Without confidence that the answer is 42, we cannot understand The Question when it is found.

Some background is necessary on the elementary principles of reproducibility in science, and especially computational science.
We are in a fortunate position to study these questions. The computer Earth was indeed built following the designs laid out by Deep Thought. (Not the least of the scientific misdemeanours of Fook et al was not crediting Deep Thought with the design but claiming it as their own.) The Earth has been computing The Question for almost 10 million years, and we are the current directors of the research project. As is well known, organic beings form part of the Earth’s computational matrix, so we programmed a small sample of them to consider issues of reproducibility in computational science. For convenience we will refer to these entities by the variable names we used in our programming: by convention we use camelCase, named for the Arcturan megaCamel.

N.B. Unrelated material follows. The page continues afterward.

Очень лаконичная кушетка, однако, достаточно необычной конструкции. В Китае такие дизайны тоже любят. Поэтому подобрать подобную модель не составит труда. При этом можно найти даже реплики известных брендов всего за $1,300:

First we programmed karlPopper to investigate the general question of reproducibility. Amongst his conclusions was: “non-reproducible single occurrences are of no significance to science”. Clearly the 7.5 million year experiment producing The Answer was a single occurrence. The question is not whether it has been reproduced (it hasn’t), the question is whether or not it is reproducible in principle. Since it was a computational experiment we next programmed some agents to consider any special issues in that domain.

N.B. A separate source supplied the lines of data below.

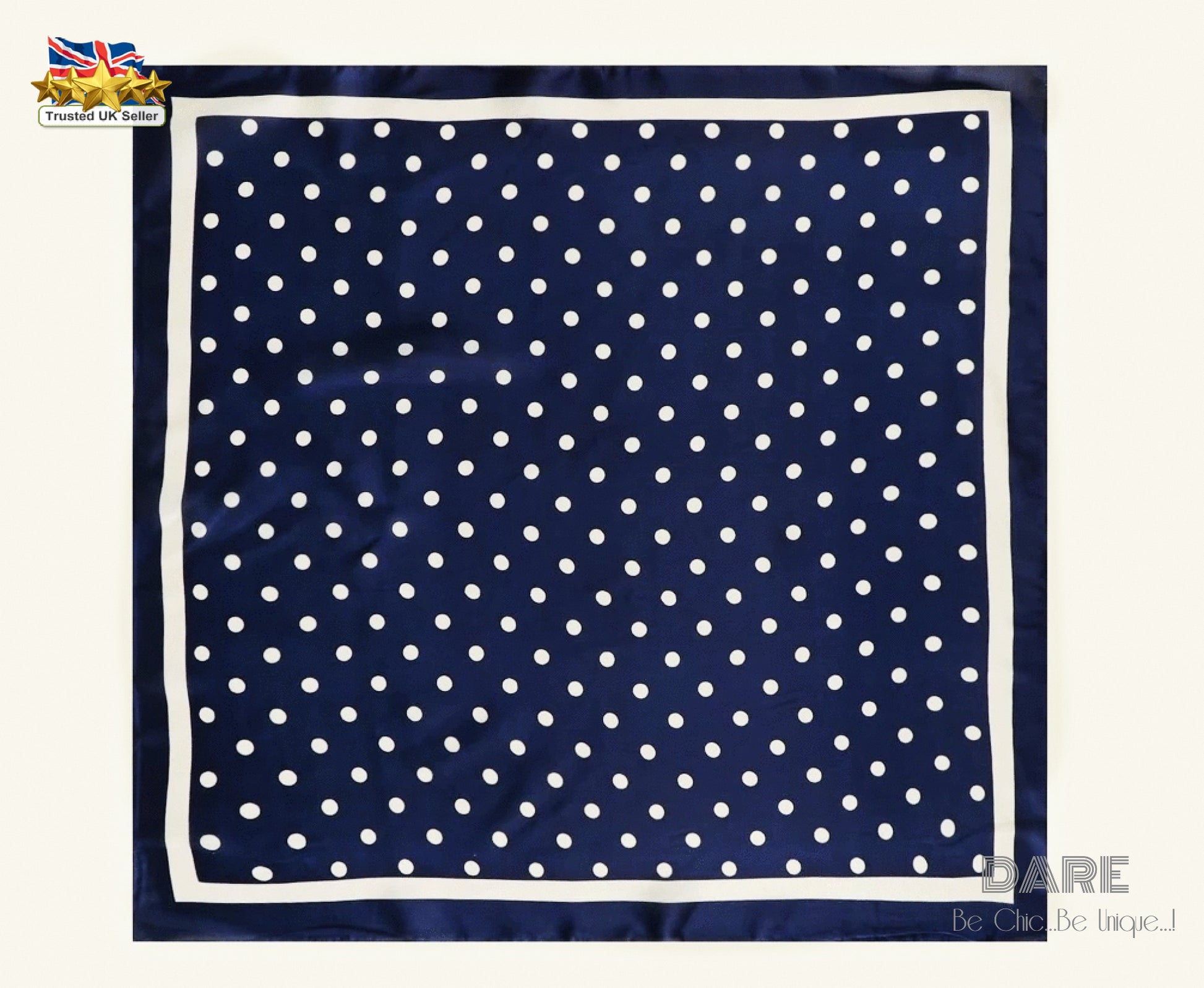 🔵 Navy Polka Dot Satin Scarf – Classic, Chic & Timeless
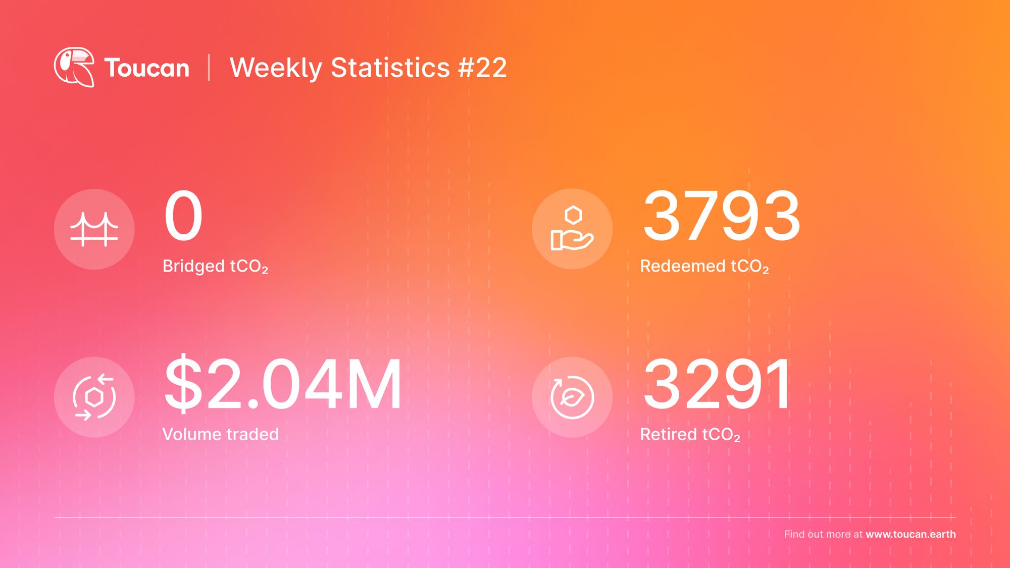Toucan Protocol is building carbon market infrastructure to finance the world's best climate solutions. These are our on-chain stats from 12- 19.06.22:
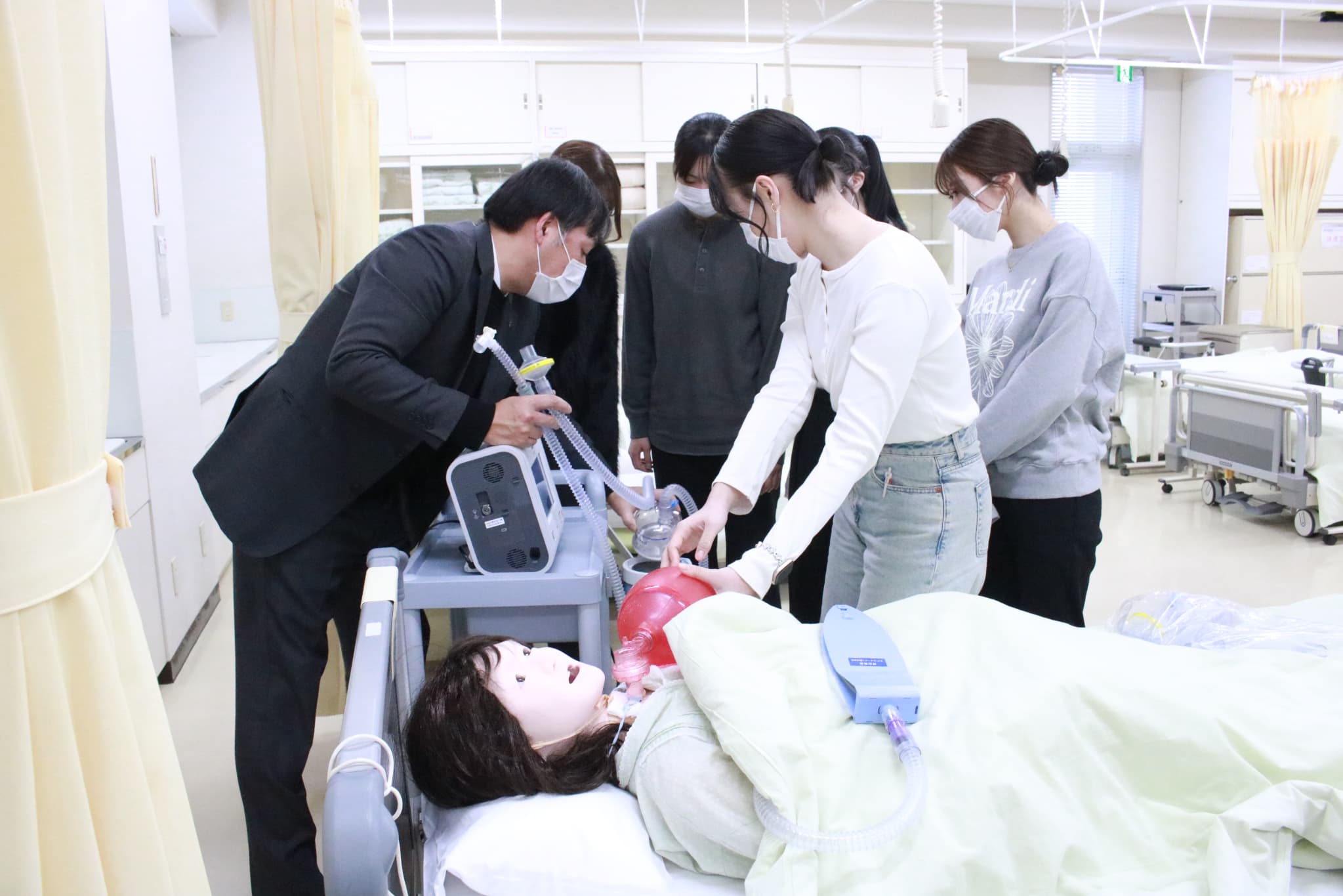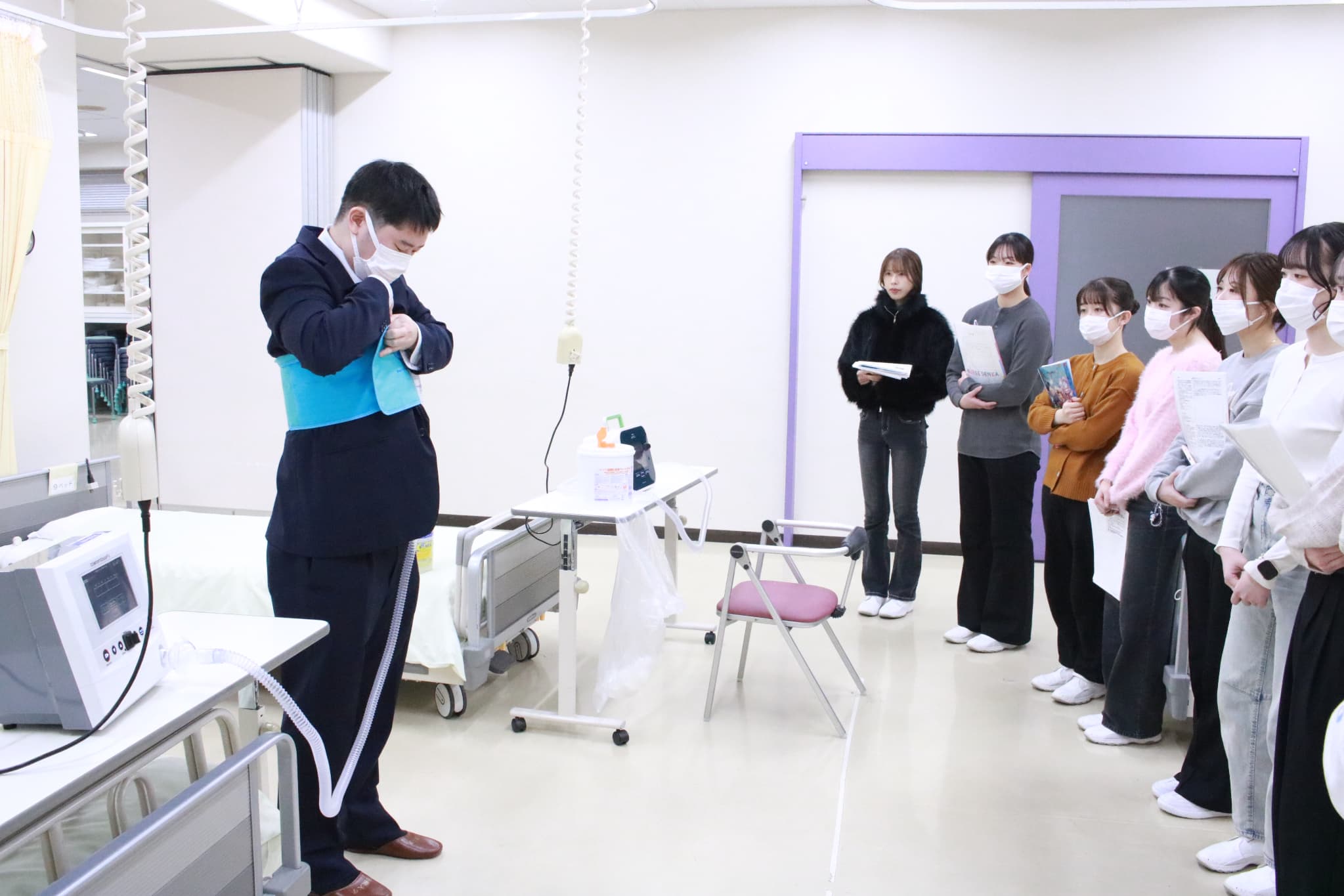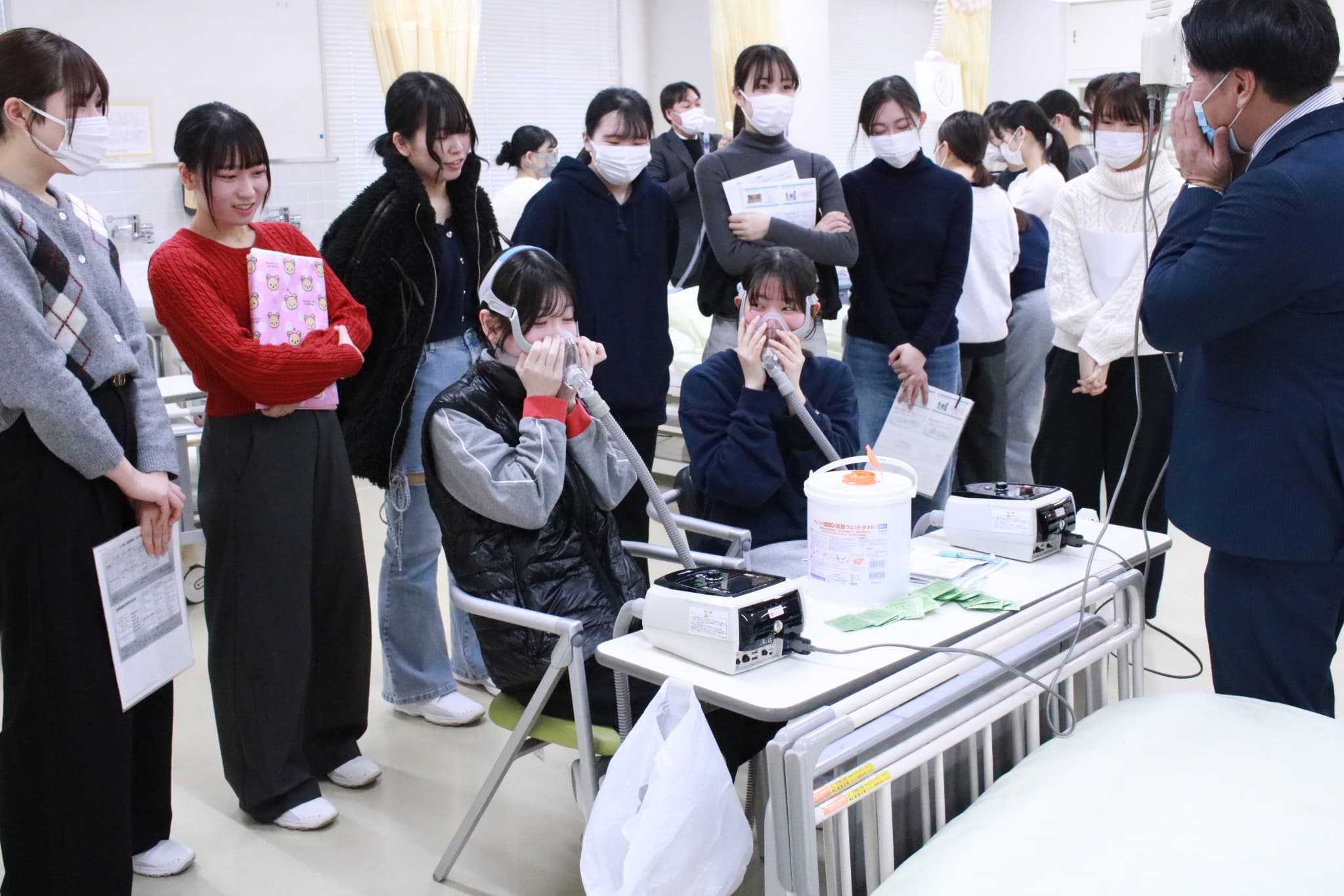 在宅酸素機器を取り扱うエア・ウォーター産業・医療ガス株式会社の担当の方から、在宅酸素療法に関する講義を受けた後、実際に機器に触れて体験しました。在宅酸素療法を行うための酸素濃縮装置について説明を聞きながら使用方法を学んだ他、気管挿管や切開をせずに空気を送り込む非侵襲型人工呼吸器のマスクの適切な装着や、痰を出しやすくする排痰装置の装着を体験しました。

We found some interesting points in the logs of caroleGoble. She clarifies the meaning of
different words in this area, crediting also chrisDrummond and rogerDPeng.
She picks out the words repeat, replicate, reproduce and reuse. Finally,
a variable ianGent suggests the word recompute. We will examine each of these words in turn and how
it relates to The Answer.

  • Repeat: To repeat an experiment is to do the same experiment again using the same equipment. We have no report that Deep Thought was asked to calculate The Answer again: it seems reasonable to assume it wasn’t. Nor do we have any idea where Deep Thought is now, or whether it still exists. The Answer experiment cannot be repeated.

  • Replicate: To replicate an experiment is to do the same experiment in a different lab to the original, but usually following the methodology of the original as closely as possible. This does mean that methodological mistakes will be duplicated,
    leading to criticism of this method. Sadly,
    the methodological description of the original designers of Deep Thought 1.0 is somewhat underspecified.
    We quote it in full: “We turned it on and asked it to compute the answer to the ultimate question of life, the universe and everything.”
    This is somewhat short of the ideal, where a second group of scientists could use archived blueprints to build a new Deep Thought,
    as well as methodological details of running the experiment.
    One might argue that the scientific standards of an earlier age were laxer than now. However, this contention does not stand up when one considers that Deep Thought 1.0 was the second most powerful computer in time and space. One can only conclude that a certain lack of time pressure hit the authors: after all, with millions of years before the paper could be submitted, it might not have seemed very urgent to write that section on any particular day. It is a great pity that this was the case. But the result is that The Answer experiment can never be replicated.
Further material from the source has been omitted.